What you have to do »
Set down a true copy of the data, with all pictures left out.

Top of Dataset excerpt

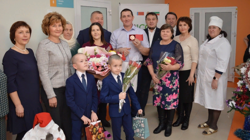 Поздравить семью Мухаметовых приехал Глава района Фарит Хуснуллин, заместитель руководителя Исполнительного комитета Индира Сахипова, главный врач Айрат Галимов, начальник отдела ЗАГС Гульчачак Валишина, начальник социальной защиты Лилия Гильмутдинова, руководитель КЦСОН «Шафкать» Гульнара Хузина, родные и близкие семьи. Фарит Мунавирович поздравил семью Мухаметовых с пополнением, вручил свидетельство о рождении, памятный знак «100 лет образования Татарской АССР», букет и ценный подарок. К словам поздравлений и пожеланий присоединились родные и близкие.
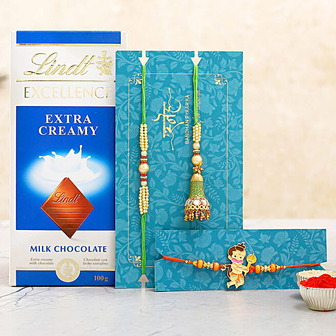 Bal Hanuman And Green Lumba Rakhi Set With Lindt
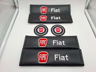 Set di accessori per auto Fiat. - Copri cinture di sicurezza con logo Fiat. - Tappetini rotondi con logo Fiat.
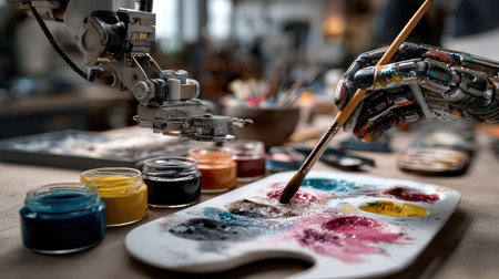 A robotic hand delicately mixes vibrant colors on a palette, surrounded by jars of paint in a creative art studio, showcasing technology's role in art.

Bottom of Dataset excerpt

Written solution »
 Поздравить семью Мухаметовых приехал Глава района Фарит Хуснуллин, заместитель руководителя Исполнительного комитета Индира Сахипова, главный врач Айрат Галимов, начальник отдела ЗАГС Гульчачак Валишина, начальник социальной защиты Лилия Гильмутдинова, руководитель КЦСОН «Шафкать» Гульнара Хузина, родные и близкие семьи. Фарит Мунавирович поздравил семью Мухаметовых с пополнением, вручил свидетельство о рождении, памятный знак «100 лет образования Татарской АССР», букет и ценный подарок. К словам поздравлений и пожеланий присоединились родные и близкие.
 Bal Hanuman And Green Lumba Rakhi Set With Lindt
 Set di accessori per auto Fiat. - Copri cinture di sicurezza con logo Fiat. - Tappetini rotondi con logo Fiat.
 A robotic hand delicately mixes vibrant colors on a palette, surrounded by jars of paint in a creative art studio, showcasing technology's role in art.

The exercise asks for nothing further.